The Boundaries of Executive Discretion: Deferred Action, Unlawful Presence, and Immigration Law
54 Pages Posted: 5 Feb 2015 Last revised: 13 Apr 2015
Date Written: February 3, 2015
Stakes are high in the current debate about President Obama’s immigration reform initiative, Deferred Action for Parents of Americans (DAPA). Given the gridlock in Congress, it is tempting to read the Immigration and Nationality Act (INA) as authorizing work authorization and a reprieve from removal for undocumented migrants. Unfortunately, statutes, like facts, are stubborn things. DAPA is sound policy, but it is inconsistent with core policies in U.S. immigration law.
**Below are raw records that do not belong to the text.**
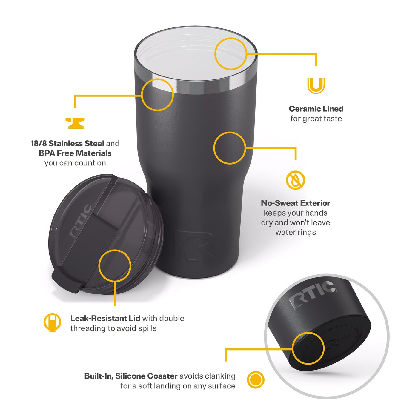 - DURABLE STAINLESS STEEL CONSTRUCTION: Crafted from 18/8 stainless steel and BPA-free materials, this tumbler cup is built to last; its durable design is RTIC tough, providing reliability and quality you can count on
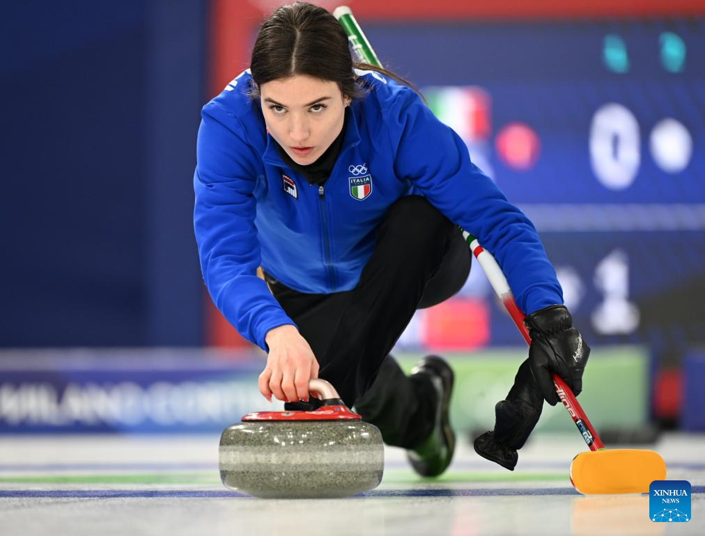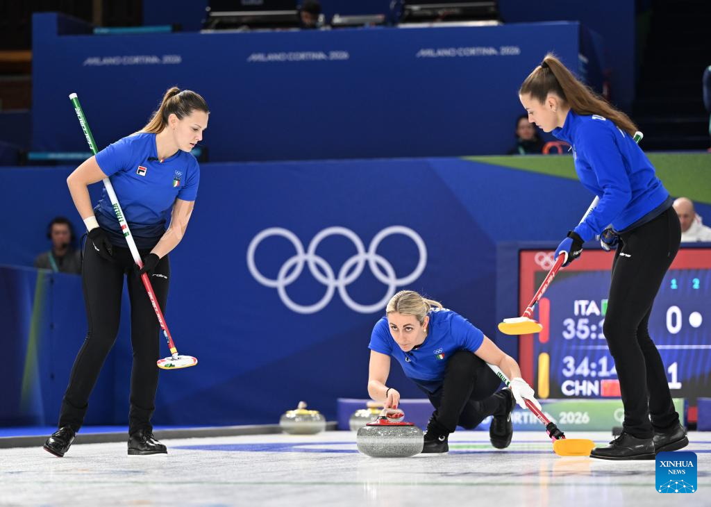 Elena Mathis (C) of Italy competes during the curling women round robin session 4 match between China and Italy at the 2026 Milan-Cortina Winter Olympics in Cortina, Italy, Feb. 14, 2026. (Xinhua/Lian Yi)
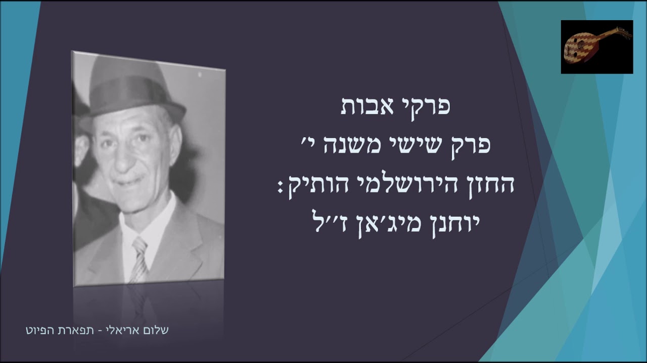 צפייה ישירה ב-YouTubeפרקי אבות פרק שישי החזן הירושלמי הוותיק יוחנן מיג'אן ז''ל
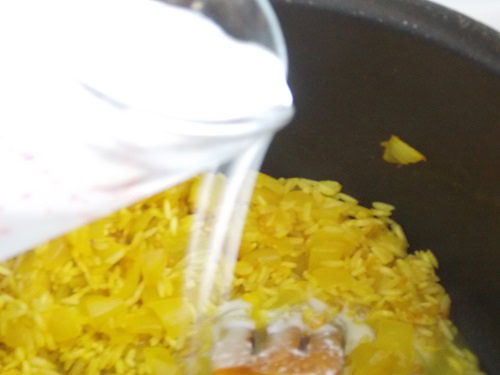 Ajoutez le riz ainsi que le ghee restant (1 c-a-soupe). Poursuivez la cuisson quelques minutes jusqu’à ce que le riz prenne une belle coloration.

The INA is a comprehensive framework that both enables legal immigration and deters unlawful migration. To accomplish the latter, its provisions discourage unlawful entry, presence, and work, while its enumerated categories of legal status block unlawful entrants’ acquisition of status through post-entry U.S. citizen children. Moreover, Congress for over a quarter-century has sought to limit discretion in the executive branch that undermines the INA’s deterrence goals. DAPA’s discretionary grant of benefits to four million foreign nationals would render Congress’s limits superfluous.
Judicial review of DAPA is appropriate to restore the immigration framework’s balance. Because DAPA will have a significant impact and limits officials’ discretion, it is a legislative rule requiring resort to the notice and comment procedures of the Administrative Procedure Act. While DAPA’s supporters assert that it constitutes an unreviewable exercise of prosecutorial discretion under the Supreme Court’s decision in Heckler v. Chaney, DAPA’s broad eligibility criteria remove it from the realm of individual enforcement decisions that Chaney shielded from judicial review. Upon review, DAPA is unworthy of judicial deference, because it fails the “common sense” test outlined by the Supreme Court in FDA v. Brown & Williamson. Given Congress’s recent efforts to curb immigration officials’ discretion, it is implausible that Congress would have authorized the blanket discretion that DAPA entails.
Despite its soundness as policy, DAPA’s fundamental failing as law is its lack of an intelligible limiting principle. While the Obama administration concedes it cannot grant deferred action to all unlawful migrants, it supplies no principled basis for distinguishing the four million potential DAPA beneficiaries from the seven million unlawful migrants left out in the cold. That deficit should be of concern to immigration advocates, who have made a Faustian bargain in supporting the executive branch. Advocates and all devotees of our constitutional order would do well to remember that executive discretion that appears benevolent today can take on a decidedly different cast with changes in the White House. To avoid unwelcome surprises, the worthy project of immigration reform should remain where the Constitution placed it: in Congress.